Learning state representations has gained steady popularity in reinforcement
learning (RL) due to its potential to improve both sample efficiency and
returns on many environments. A straightforward and efficient method is to
generate representations with a distinct neural network trained on an auxiliary
task, i.e. a task that differs from the actual RL task. While a whole range of
such auxiliary tasks has been proposed in the literature, a comparison on
typical continuous control benchmark environments is computationally expensive
and has, to the best of our knowledge, not been performed before. This paper
presents such a comparison of common auxiliary tasks, based on hundreds of
agents trained with state-of-the-art off-policy RL algorithms.
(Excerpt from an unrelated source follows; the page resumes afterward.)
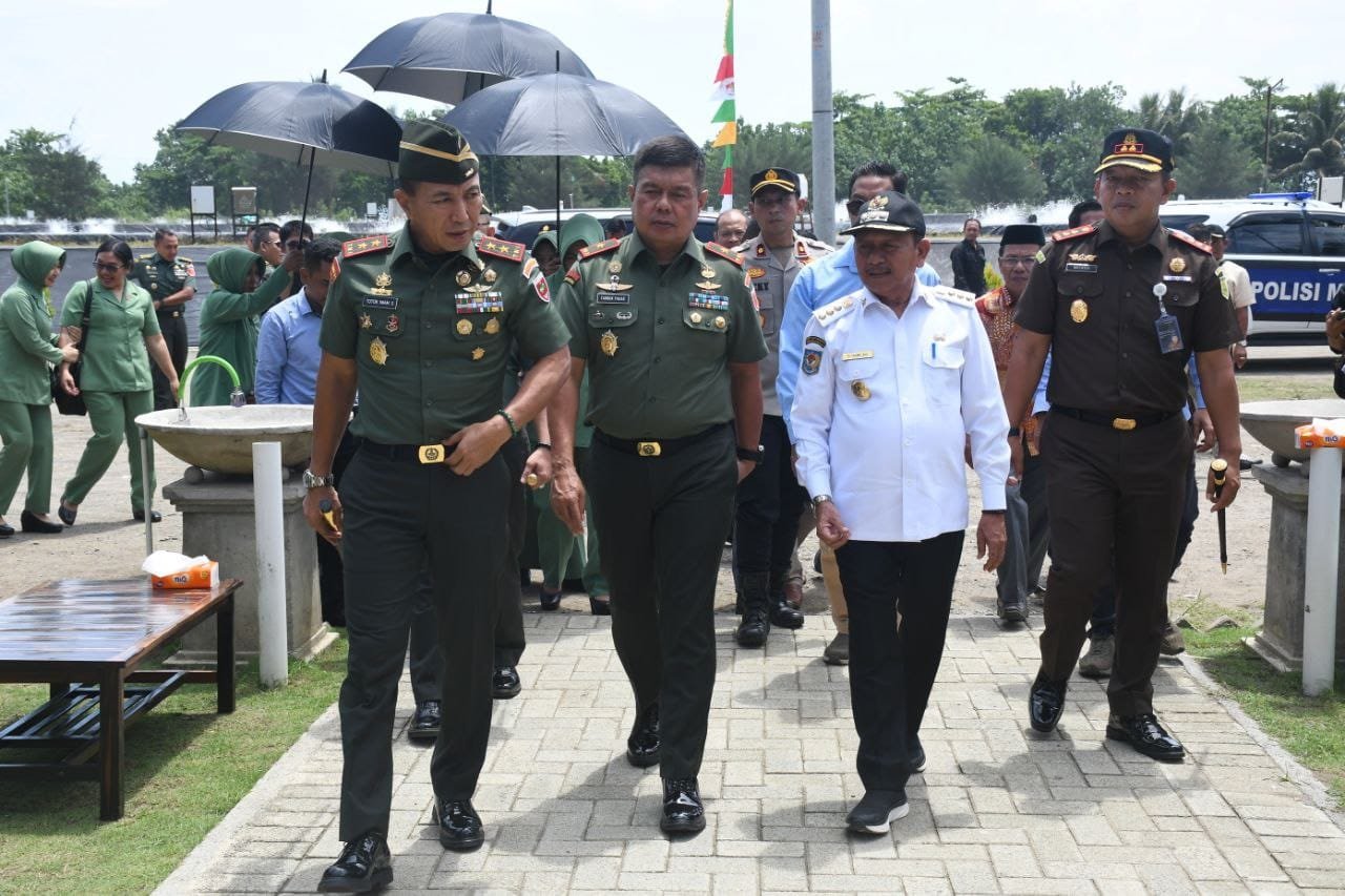 Di sela-sela agenda kunjungan kerjanya di wilayah Korem 142/Tatag, Pangdam XIV/Hasanuddin Mayjen TNI Dr. Totok Imam Santoso, SIP, S.Sos, M.Tr(Han) didampingi Ketua Persit Kartika Chandra Kirana (KCK) PD XIV/Hasanuddin Ny. Desi Totok Imam dan sejumlah Pejabat Utama (PJU) Kodam, melakukan peninjauan ke lokasi Tambak Udang Vaname PT Randomayang Tambak Lestari (RTL), terletak di Kabupaten Pasangkayu, Provinsi Sulbar, Rabu (23/08/2023).
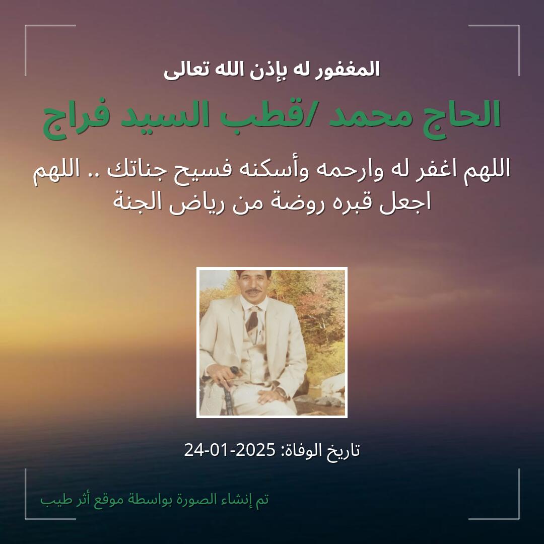 بمشاركتك هذه الصفحة، تساهم في نشر الخير والدعاء للمرحوم الحاج محمد /قطب السيد فراج.

We compare
possible improvements in both sample efficiency and returns for environments
ranging from simple pendulum to a complex simulated robotics task. Our findings
show that representation learning with auxiliary tasks is beneficial for
environments of higher dimension and complexity, and that learning environment
dynamics is preferable to predicting rewards. We believe these insights will
enable other researchers to make more informed decisions on how to utilize
representation learning for their specific problem.

生成表示在强化学习中得到了稳步流行，由于其在提高样本效率和许多环境中的回报方面的潜力。本文对常见的辅助任务进行了比较，基于数百个使用最先进的离策略强化学习算法训练的代理程序。发现显示，辅助任务的表示学习对于维度和复杂度较高的环境是有利的，并且学习环境动态性胜于预测奖励。我们相信这些洞察将使其他研究人员能够更明智地决定如何利用表示学习解决他们的特定问题。